Records for this exercise Block Start

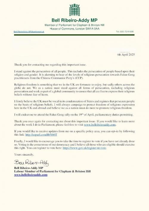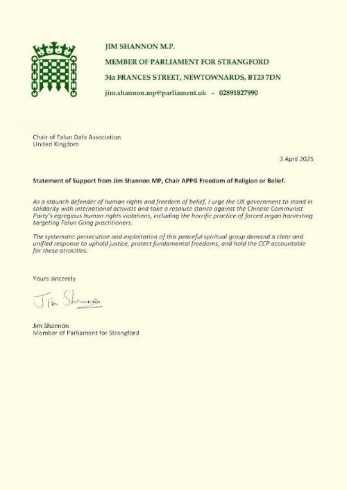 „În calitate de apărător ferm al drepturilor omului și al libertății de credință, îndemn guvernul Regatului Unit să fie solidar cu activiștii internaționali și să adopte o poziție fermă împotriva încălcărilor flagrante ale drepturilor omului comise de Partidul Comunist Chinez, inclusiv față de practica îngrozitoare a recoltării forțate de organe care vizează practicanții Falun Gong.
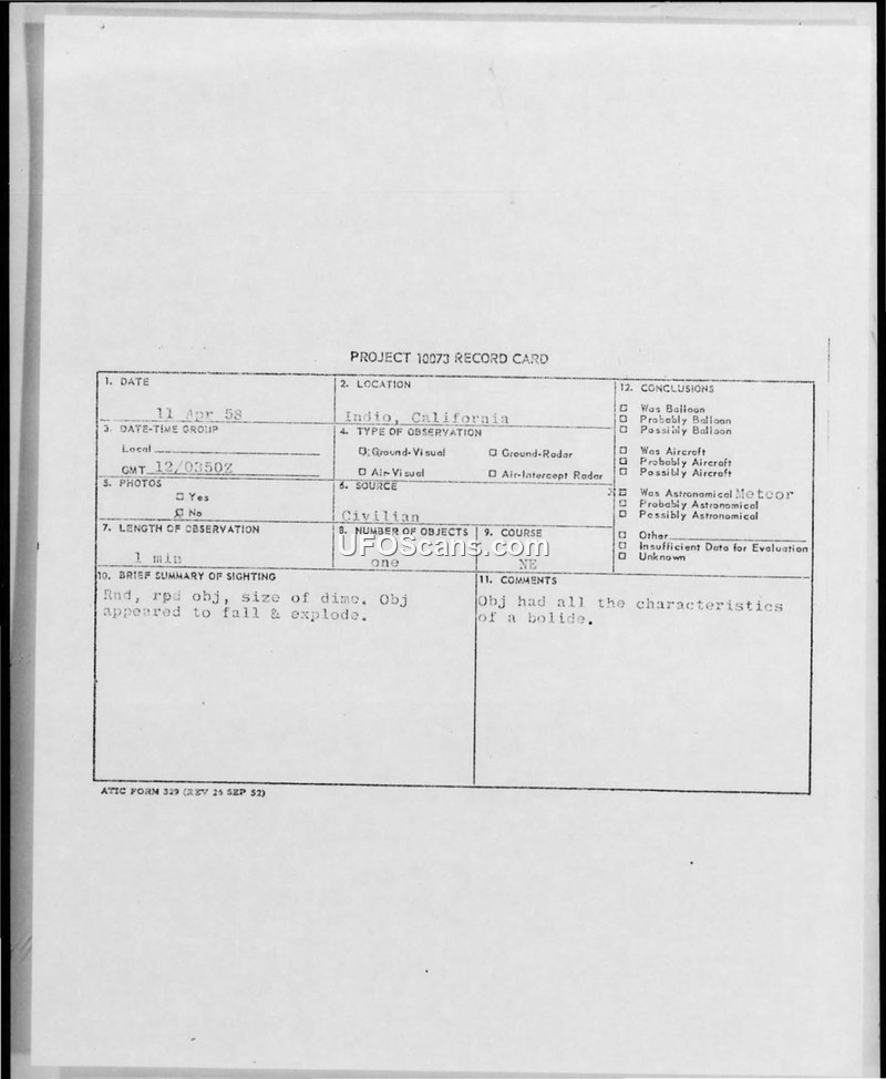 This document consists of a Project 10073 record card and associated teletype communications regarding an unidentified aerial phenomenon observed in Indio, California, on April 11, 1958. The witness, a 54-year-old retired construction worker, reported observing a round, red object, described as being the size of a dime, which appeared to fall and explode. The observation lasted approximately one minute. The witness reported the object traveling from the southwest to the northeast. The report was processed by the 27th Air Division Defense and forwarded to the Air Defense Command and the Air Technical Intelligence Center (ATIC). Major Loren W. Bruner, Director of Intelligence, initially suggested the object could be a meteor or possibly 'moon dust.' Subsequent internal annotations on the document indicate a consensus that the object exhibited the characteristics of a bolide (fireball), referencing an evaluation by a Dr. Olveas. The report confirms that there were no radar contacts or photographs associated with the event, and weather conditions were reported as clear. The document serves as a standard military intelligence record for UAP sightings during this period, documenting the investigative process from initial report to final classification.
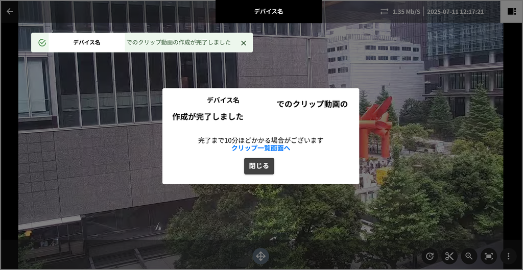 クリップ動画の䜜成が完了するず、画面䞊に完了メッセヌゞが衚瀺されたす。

Records for this exercise Block End
Records for this exercise Block Start

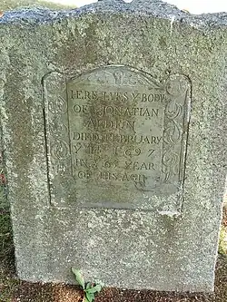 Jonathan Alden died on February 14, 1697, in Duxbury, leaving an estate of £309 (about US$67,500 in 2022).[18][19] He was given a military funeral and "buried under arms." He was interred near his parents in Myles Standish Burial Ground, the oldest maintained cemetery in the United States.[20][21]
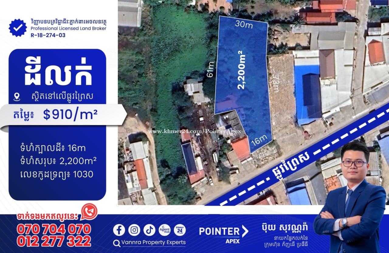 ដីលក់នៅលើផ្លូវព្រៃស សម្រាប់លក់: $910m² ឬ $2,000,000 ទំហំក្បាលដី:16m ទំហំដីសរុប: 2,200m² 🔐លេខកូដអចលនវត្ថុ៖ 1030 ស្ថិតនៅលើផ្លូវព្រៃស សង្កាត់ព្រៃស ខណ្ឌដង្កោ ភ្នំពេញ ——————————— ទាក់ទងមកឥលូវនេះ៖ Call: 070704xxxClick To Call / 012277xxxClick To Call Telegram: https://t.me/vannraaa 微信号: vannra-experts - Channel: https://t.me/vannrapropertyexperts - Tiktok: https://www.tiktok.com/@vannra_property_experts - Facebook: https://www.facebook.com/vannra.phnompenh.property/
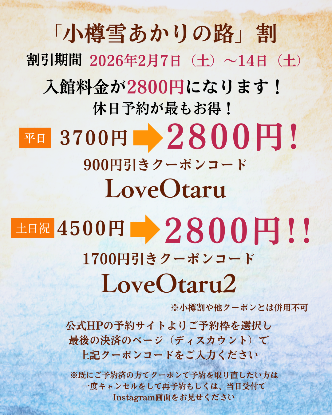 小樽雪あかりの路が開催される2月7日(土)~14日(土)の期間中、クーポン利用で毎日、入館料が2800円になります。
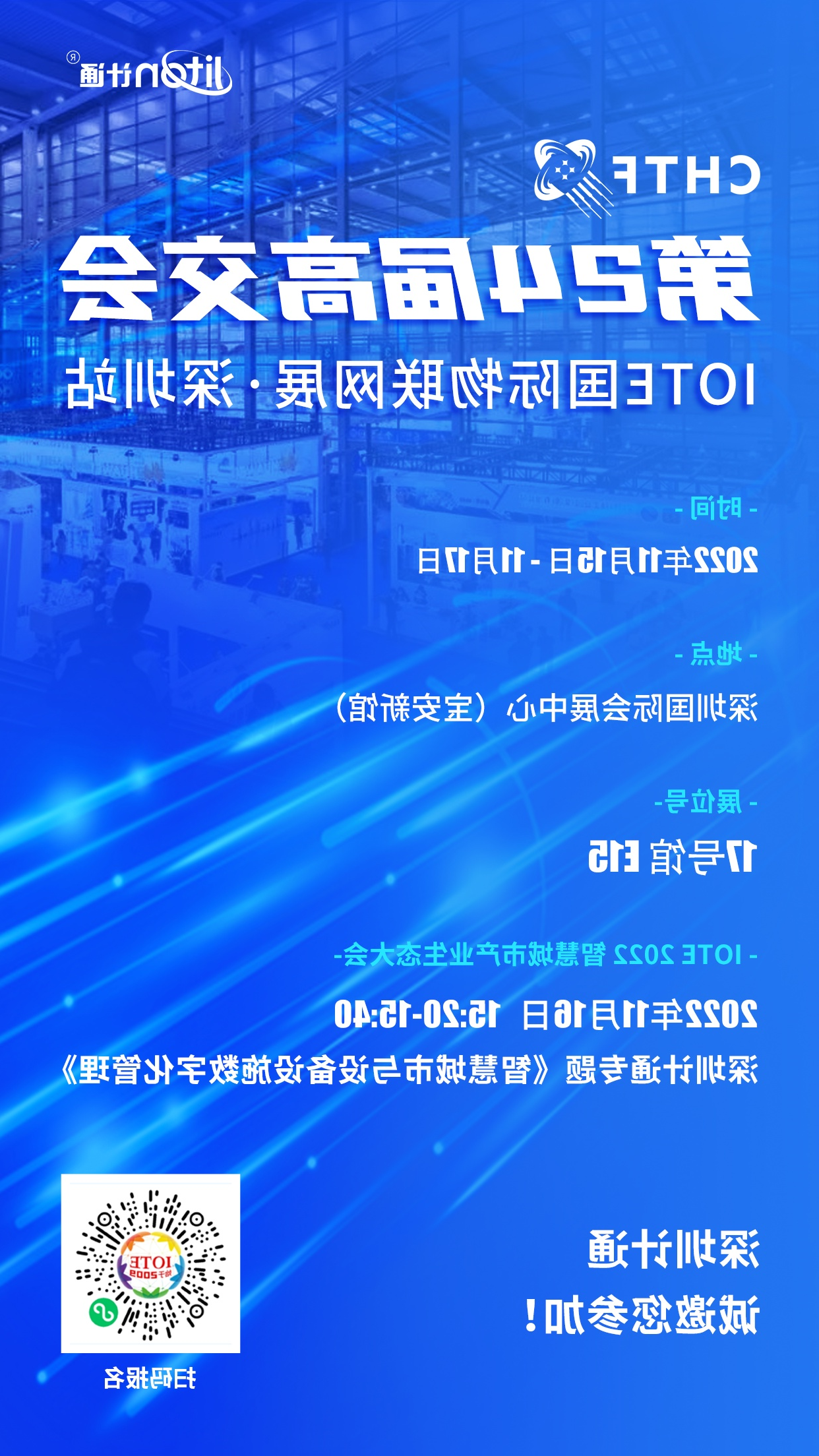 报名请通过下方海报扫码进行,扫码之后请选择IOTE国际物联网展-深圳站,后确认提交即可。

Records for this exercise Block End

### Work to complete
Pictures excluded, give again exactly and only the lines of the material above from the line with "This document consists" through the line with "クリップ動画の䜜成が完了するず、画面䞊に完了メッセヌゞが衚瀺されたす。".

### Task result
 This document consists of a Project 10073 record card and associated teletype communications regarding an unidentified aerial phenomenon observed in Indio, California, on April 11, 1958. The witness, a 54-year-old retired construction worker, reported observing a round, red object, described as being the size of a dime, which appeared to fall and explode. The observation lasted approximately one minute. The witness reported the object traveling from the southwest to the northeast. The report was processed by the 27th Air Division Defense and forwarded to the Air Defense Command and the Air Technical Intelligence Center (ATIC). Major Loren W. Bruner, Director of Intelligence, initially suggested the object could be a meteor or possibly 'moon dust.' Subsequent internal annotations on the document indicate a consensus that the object exhibited the characteristics of a bolide (fireball), referencing an evaluation by a Dr. Olveas. The report confirms that there were no radar contacts or photographs associated with the event, and weather conditions were reported as clear. The document serves as a standard military intelligence record for UAP sightings during this period, documenting the investigative process from initial report to final classification.
 クリップ動画の䜜成が完了するず、画面䞊に完了メッセヌゞが衚瀺されたす。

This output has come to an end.